■ What to work on
Nothing but the pictures should be left out when the entries below are duplicated.

━━━ Study material

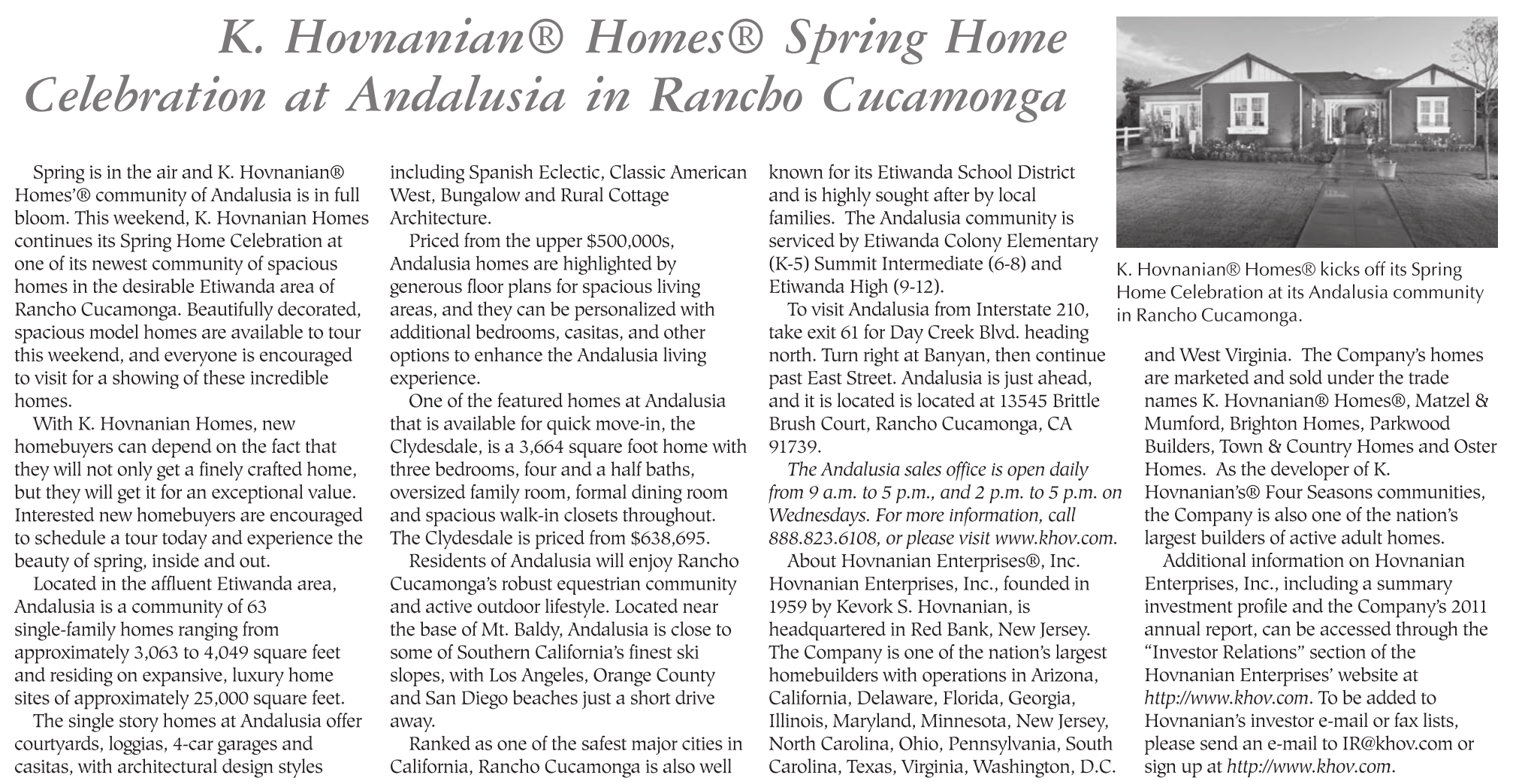 Spring is in the air and K. Hovnanian® Homes’® community of Andalusia is in full bloom. This weekend, K. Hovnanian Homes continues its Spring Home Celebration at one of its newest community of spacious homes in the desirable Etiwanda area of Rancho Cucamonga. Beautifully decorated, spacious model homes are available to tour this weekend, and everyone is encouraged to visit for a showing of these incredible homes.
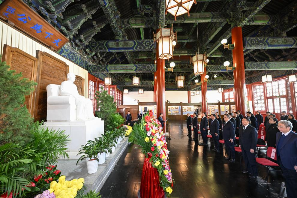 Altos funcionarios del Comité Nacional de la CCPPCh, del Comité Central del Comité Revolucionario del Kuomintang Chino, del Departamento de Trabajo del Frente Unido del Comité Central del Partido Comunista de China y del Gobierno municipal de Beijing colocaron ofrendas florales ante la estatua de Sun.
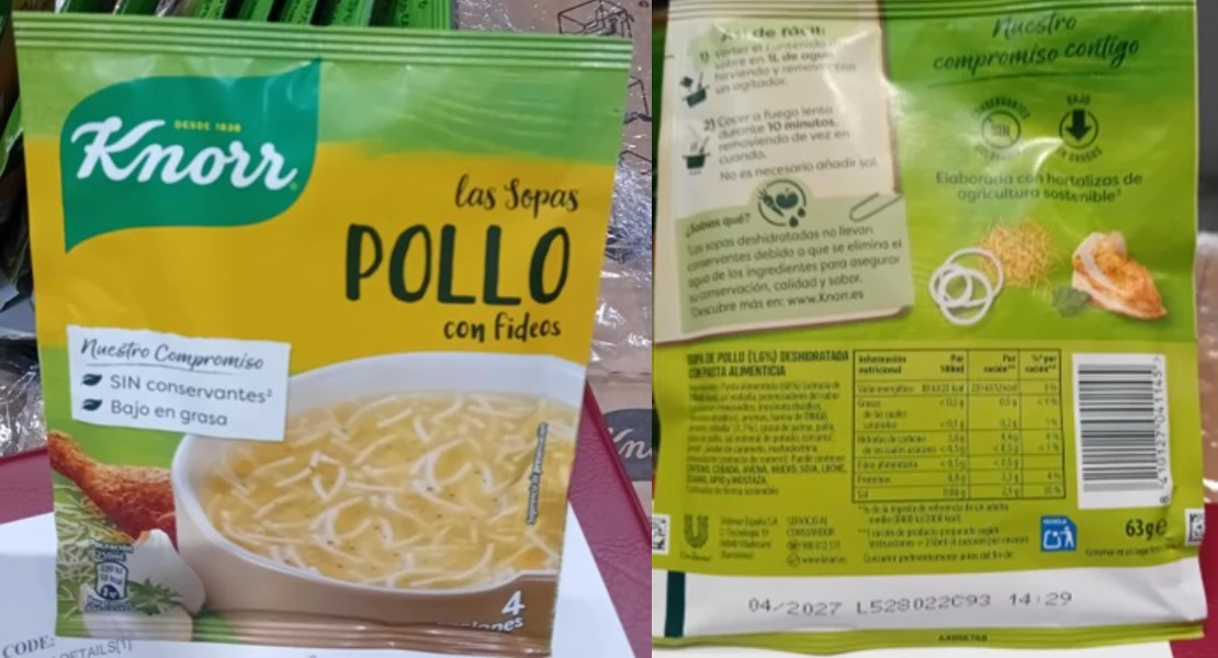 Detectan piezas de metal y caucho en sopa deshidratada de una conocida marca
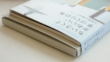 6.箱を本に貼り付ける。 箱を本の底辺と背を基準に、 |
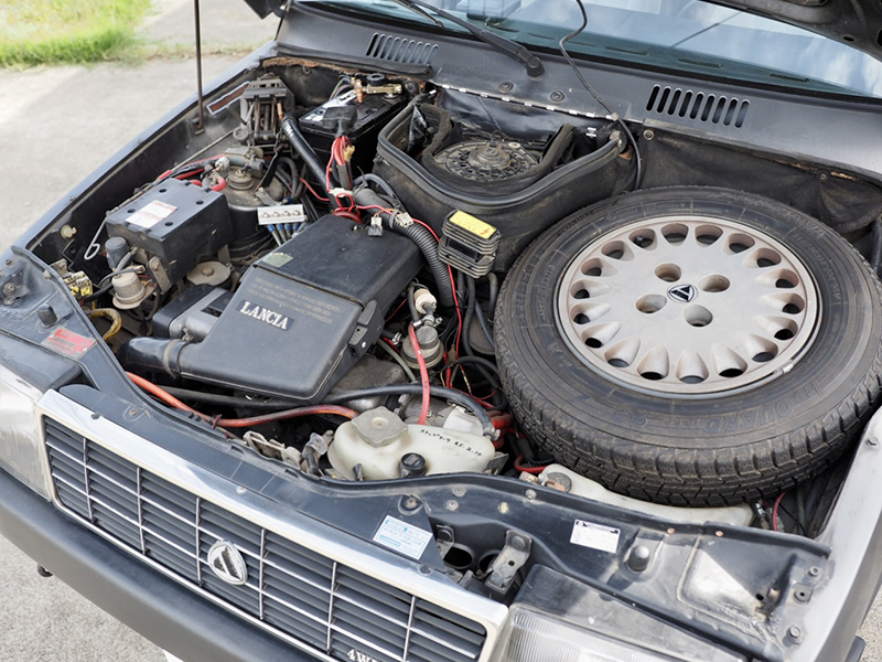 アシンメトリーに横置きされるランチア製1000ccユニット |
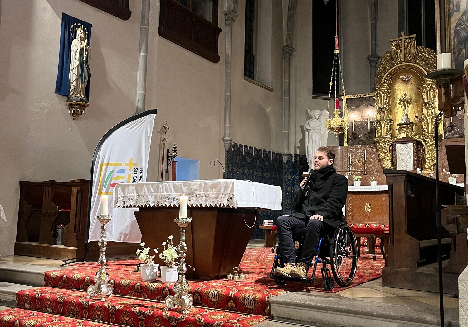 Luca (25 Jahre) startete nach der Matura sein Theologiestudium in Heiligenkreuz. Nur wenige Wochen später hatte er aus ungeklärter Ursache einen schweren Autounfall. Seine schweren Verletzungen führten zu einer Querschnittslähmung mit vielen Monaten Krankenhaus- und Reha-Aufenthalten.
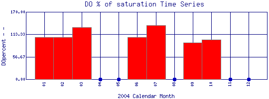 DO Percent of Saturation Time Series for 2004 Boulder Creek above Dry Creek |

━━━━━━

■ Finished exercise
 Spring is in the air and K. Hovnanian® Homes’® community of Andalusia is in full bloom. This weekend, K. Hovnanian Homes continues its Spring Home Celebration at one of its newest community of spacious homes in the desirable Etiwanda area of Rancho Cucamonga. Beautifully decorated, spacious model homes are available to tour this weekend, and everyone is encouraged to visit for a showing of these incredible homes.
 Altos funcionarios del Comité Nacional de la CCPPCh, del Comité Central del Comité Revolucionario del Kuomintang Chino, del Departamento de Trabajo del Frente Unido del Comité Central del Partido Comunista de China y del Gobierno municipal de Beijing colocaron ofrendas florales ante la estatua de Sun.
 Detectan piezas de metal y caucho en sopa deshidratada de una conocida marca
 6.箱を本に貼り付ける。 箱を本の底辺と背を基準に、 |
 アシンメトリーに横置きされるランチア製1000ccユニット |
 Luca (25 Jahre) startete nach der Matura sein Theologiestudium in Heiligenkreuz. Nur wenige Wochen später hatte er aus ungeklärter Ursache einen schweren Autounfall. Seine schweren Verletzungen führten zu einer Querschnittslähmung mit vielen Monaten Krankenhaus- und Reha-Aufenthalten.
 DO Percent of Saturation Time Series for 2004 Boulder Creek above Dry Creek |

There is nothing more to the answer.